BewareTheBeardedDragon · 28/05/2021 19:56

I'm sure the mum is probably exhausted with dealing with her daughters behaviours day in day out, I don't think you 'made her cry', I suspect her situation made her cry. None of that is your concern however and you were not being in any way unreasonable to expect her to intervene and prevent her daughter from throwing rocks. Nothing at all makes that an ok thing to do.

Mylittlepony374 · 28/05/2021 20:02

Some parents are just dicks. I was in a park once, with my son (who happens to be autistic) and a young boy came over pushed my son over, grabbed his car toy and ran. I couldn't see a parent watching so I stood in front of the kid, sternly said "give that back now, we don't snatch toys". All of a sudden a parent appeared yelling at me about how her son is autistic and do I not have any empathy for parents of children with disability, who the fuck do I think I am telling her son off etc etc.
I just felt sorry for her son to be honest.
Even if the girl throwing rocks did have learning disability that's no excuse for that behavior and if her mum wasn't managing it in a public place YANBU to do what you did. I wouldn't worry about it at all.

OneMamaAndHerGirl · 28/05/2021 20:04

I’d of threw the rock that hit you at the mother Smile having a child with learning disabilities does not give you the right to turn a blind eye at dangerous behaviour. You asked her to intervene and she ignored you, good on you for standing up for yourself!

sst1234 · 28/05/2021 20:06

@BewareTheBeardedDragon

I'm sure the mum is probably exhausted with dealing with her daughters behaviours day in day out, I don't think you 'made her cry', I suspect her situation made her cry. None of that is your concern however and you were not being in any way unreasonable to expect her to intervene and prevent her daughter from throwing rocks. Nothing at all makes that an ok thing to do.
No her lazy ass attitude and refusal to intervene made her cry. Let’s not blame the situation.
WellLarDeDar · 28/05/2021 20:14

Learning disabilities = parents need to make an extra effort to help their children understand throwing rocks at people is NOT okay. Doesn't mean a free pass to sit by while your kid throws rocks at people. Honestly she was in the wrong! Makes me wonder how parents expect their kids with special needs to get by if they won't make the effort to teach them how to behave. If I had a disabled kid I would put in so much effort to help the kid understand how to behave in case something happened to me or DH and they had to get by on their own. Doing F all while they throw rocks at people is not going to help equip them with the skills they need to navigate life. Honestly. Some people. You were NBU OP.

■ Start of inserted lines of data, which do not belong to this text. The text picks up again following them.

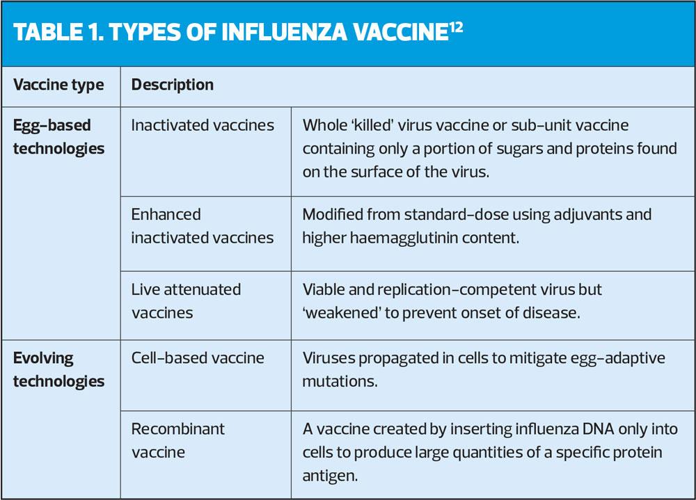 Vaccination is the most effective means of protection against influenza infection.1 However, clinicians, researchers and manufacturers are all faced with the same complex challenge to address the high variability and rapid mutation rate of influenza. In this review, we aim to provide an overview of influenza vaccine technology, explore evolving vaccine technologies and understand the impact of these changes on clinical practice.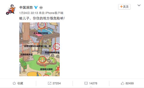 直到有一天,1月24日,公安部消防局的官方微博@中国消防说出了真相:蛙的家很危险!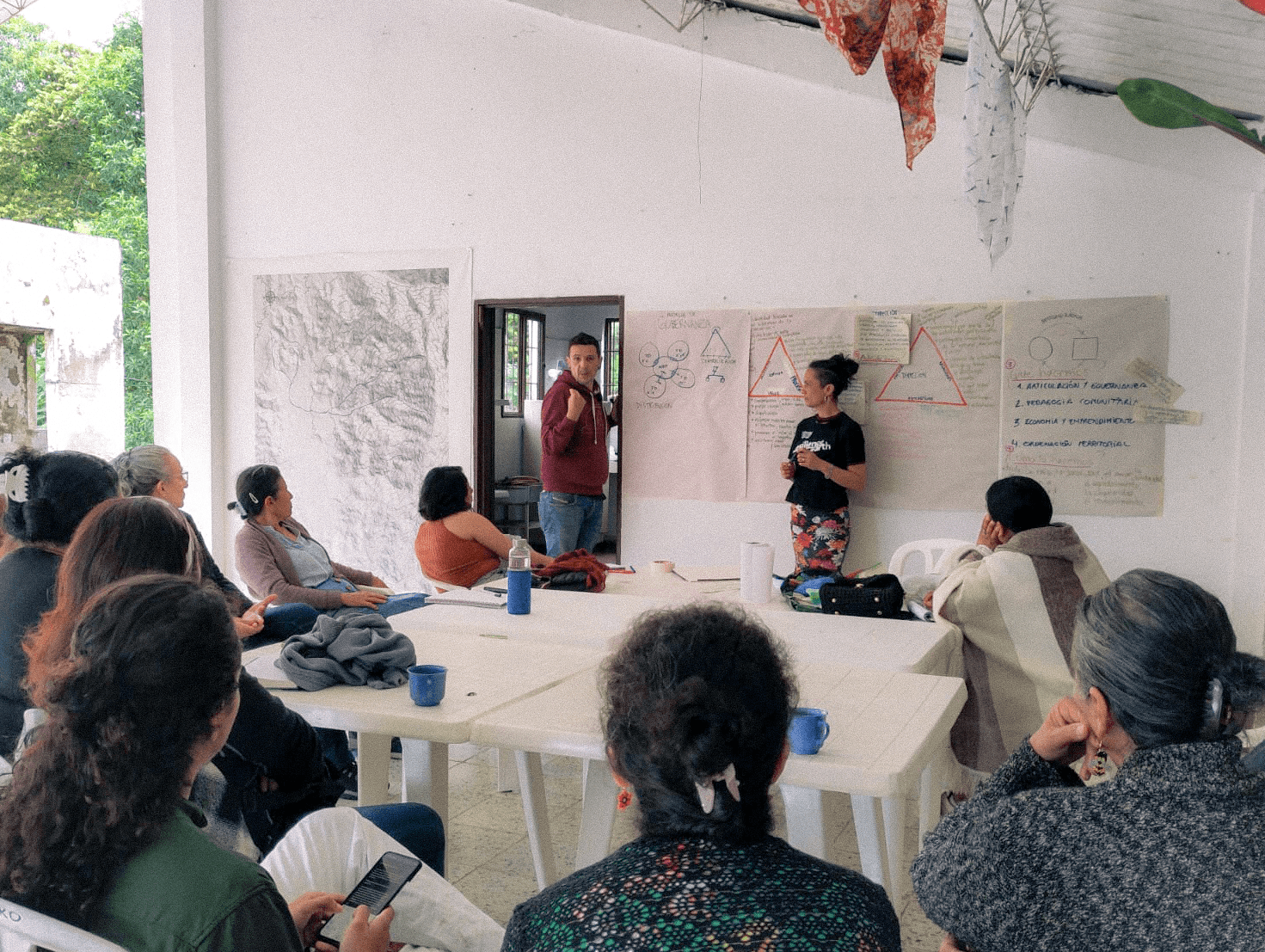 A la sala comunal d’Aguaclara, una sala senzilla, amb parets que han sentit més històries que moltes biblioteques, ens vam asseure amb més de 20 lideresses comunitàries. No venien a “rebre una formació”: venien a pensar el futur del seu territori amb la mateixa serietat amb què es pensa una casa, un fill o una collita.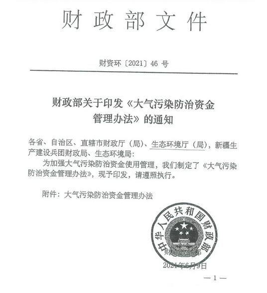 《大氣污染防治資金管理辦法》(財(cái)資環(huán)【2021】46號(hào))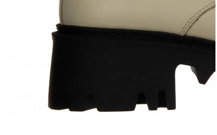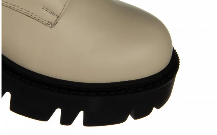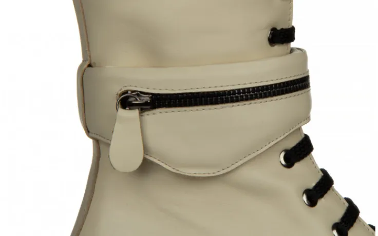 Wyższa cholewka wykonana jest z miękkiej skóry naturalnej wysokiej jakości. Dzięki sznurowaniom można idealnie dopasować buty do tęgości stopy, natomiast wygodny zamek z wewnętrznej strony ułatwia szybkie zakładanie i zdejmowanie obuwia bez konieczności ciągłego sznurowania. Nad kostką efektowna imitacja kieszonki na zasuwak. Antypoślizgowa, gumowa podeszwa z głębszym bieżnikiem amortyzuje wstrząsy oraz izoluje stopę od zimnego podłoża. Platforma dodaje centymetrów i przy tym sprawia, że buty stają się bardzo wygodne. Wkładka oraz cholewka ocieplana od wewnątrz.

georgarina · 28/05/2021 20:22

The mum is out of her mind just ignoring the bad behaviour then blaming learning difficulties.

If that's the case you apologise and explain and redirect the child just as you would with a nt child.

One of my siblings is autistic so I speak from experience.

lottiegarbanzo · 28/05/2021 20:25

Well done for yelling at the mother, rather than the child.

Protecting children's safety is the one reason it's always ok and the right thing to do, to intervene. Be that by addressing the child or the parent, in the moment. Responsibility always lies with the parent though.

Boo36363 · 28/05/2021 20:26

My children have learning difficulties. They are often unpredictable but I would not act this way as a parent. If my children were annoying another parent and child (let's face it was annoying!) I would try my best to remove them from the situation and encourage them to play elsewhere! I wouldn't just sit there doing nothing! Throwing rocks is not okay even for a child with sen!